You don't need to be a logging expert to know that when it comes to logging in applications, there’s a wide variety of options to choose from.
There's the Common Log Format, the Combined Log Format, and Nginx's log format; and on and on the list goes.
But are any of these really the right choice? Honestly, what's right and wrong is debatable. It's something that varies from application to application. What's more, each of the aforementioned formats, as well as the countless others, has its strengths and weaknesses. But are any of them the right one — at least for you?
Some formats allow for logs which contain copious amounts of information, but then they can turn into an unintelligible mess when it comes time to read them.
Others are simpler, yet don't allow for as much information to be stored. You can be left without enough information when it comes time to parse them. Dumping a JSON object object can be a good thing, but it too has its drawbacks.
Wouldn't it be great if there was one that was pretty easy to both read and write, both by humans and by computers? That sounds a little like a Holy Grail of sorts.
However, as part of an application I was developing lately, I came across a log format which, whilst not completely fitting the bill, still does a pretty good job of working for both humans and computers. It's called logfmt.
What Is logfmt?
Logfmt, in essence, simply logs data as a series of one or more key/value pairs. No more, no less! This might seem simplistic, trivial even. But I find there's a certain beauty both in the simplicity and flexibility of the format.
There aren't a set of predefined options, such as in the Common Log Format, which are the only ones you're able to use. Instead, you're able to specify exactly what your application needs on a case-by-case basis.
This is great -- you're able to create log entries to suit specifically what you're doing. Then, regardless of what's logged, the format's always the same. This makes it simpler to create parsers for the information stored.
Let's look at a simple, concrete example so you can see what it looks like and how to get started. Specifically, I'm using the Express framework for Node.js. This example isn't the most sophisticated, but it shows a good example of using the library.
var express = require('express'); var logfmt = require('logfmt'); var app = express(); function getSomeEnvironmentData(req, res) { return { baseUrl: req.baseUrl, hostname: req.hostname, protocol: req.protocol, name: req.params.name } ; } app.get('/', function (req, res) { console.log(logfmt.stringify(getSomeEnvironmentData(req, res))) res.send('Hello World!'); }); app.get('/:name', function (req, res) { console.log(logfmt.stringify(getSomeEnvironmentData(req, res))) res.send('Hello World, ' + req.params.name); }); var server = app.listen(3000, function () { var host = server.address().address; var port = server.address().port; console.log('Example app listening at http://%s:%s', host, port); });
Here I've written a simple function, getSomeEnvironmentData()

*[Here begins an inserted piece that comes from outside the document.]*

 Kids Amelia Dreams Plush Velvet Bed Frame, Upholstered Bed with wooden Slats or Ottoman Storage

, which takes the request and response objects and composes a user-defined object that stores the baseUrl, hostname, request protocol, and the value of the :name
parameter, if passed.
In both of the defined routes, the function is called and the return value passed to logfmt.stringify()
, which serializes the object to the logfmt format. This is in turn passed to console.log(
) for an easy way of logging the information.

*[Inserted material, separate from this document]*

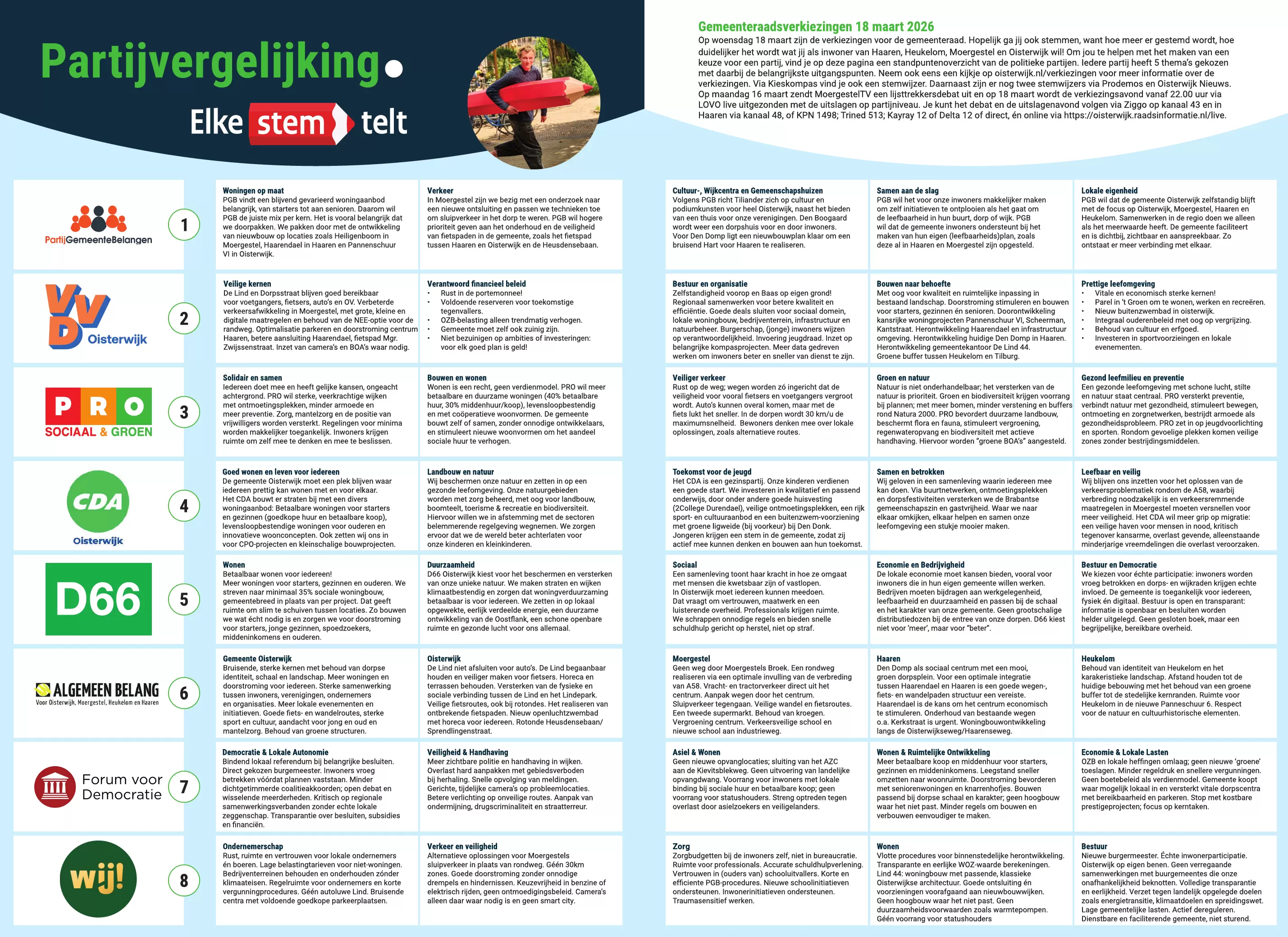Naast het overzicht op onze website, en de diverse kieswijzers die u kunt volgen, heeft Gemeente Oisterwijk een overzicht gemaakt van de partijen met hun standpunten.

In more sophisticated setups, you could write to log files or remote logging services, such as Papertrail or Splunk. If you were to run the above code and make a request to either /
or to /matthew
, the following would be output to the console from which the process was initiated:
baseUrl="/" hostname=localhost protocol=http baseUrl="/" hostname=localhost protocol=http name=matthew
Now, in more production applications, there'd likely be much more sophisticated instrumentation. This could include details about the logged in user, the dispatched route, as well as a variety of other information, about the current application's executing state. But for the purposes of a simple example, the above code works well.
How to Parse Logs
Now that we've looked at generating logs, how do you parse them? Parsing comes down to what you've logged, so it's hard to provide a definitive, codified answer as to how to parse them.
However, there are a couple of tools available, called hutils. They’re developed at Heroku, and they help make the process simpler. There are four tools available in the set:
lcut: Extracts values from a logfmt trace based on some field name
lfmt: Prettifies logfmt lines as they emerge from a stream and highlights their key sections
ltap: Accesses messages from popular log providers in a consistent way so that it can easily be parsed by other utilities that operate on logfmt traces.

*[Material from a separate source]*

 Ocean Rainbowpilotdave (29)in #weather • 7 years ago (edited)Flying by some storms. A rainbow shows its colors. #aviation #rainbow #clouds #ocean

lviz: Helps to visualize logfmt output by building a tree out of some set of data by combining common sets of key/value pairs into shared parent nodes
Let's have a look at lcut and lviz, using data logged from the earlier application. Let's assume that the application, instead of logging to the console, was logging to a file, located at /project/root/log/log.file
. Also, let's assume that that file contained the following records:
baseUrl="/" route=getName hostname=localhost protocol=http name=matthew baseUrl="/" route=getName hostname=localhost protocol=http name=james baseUrl="/" route=getName hostname=localhost protocol=http name=peter baseUrl="/" route=getName hostname=localhost protocol=http name=roger baseUrl="/" route=getName hostname=localhost protocol=http name=albert baseUrl="/" route=getName hostname=localhost protocol=http name=nicholas baseUrl="/" route=getName hostname=localhost protocol=http name=angela baseUrl="/" route=getName hostname=localhost protocol=http name=robert
lviz
We'll start off with lviz. I'll cat the output of the log file to lviz by using the command cat log.file | lviz
. You can see the result in the screenshot below:
You can see that each of the elements which are the same, have been output only once. However, all of the differences (e.g., the name property) have been output in a subordinate tree format. This makes it pretty simple to get a quick grasp on the information at hand.
lcut
Now let's have a look at lcut. In this scenario, I just want to extract several of the fields from the logged information. Specifically, I want to get the route and the name.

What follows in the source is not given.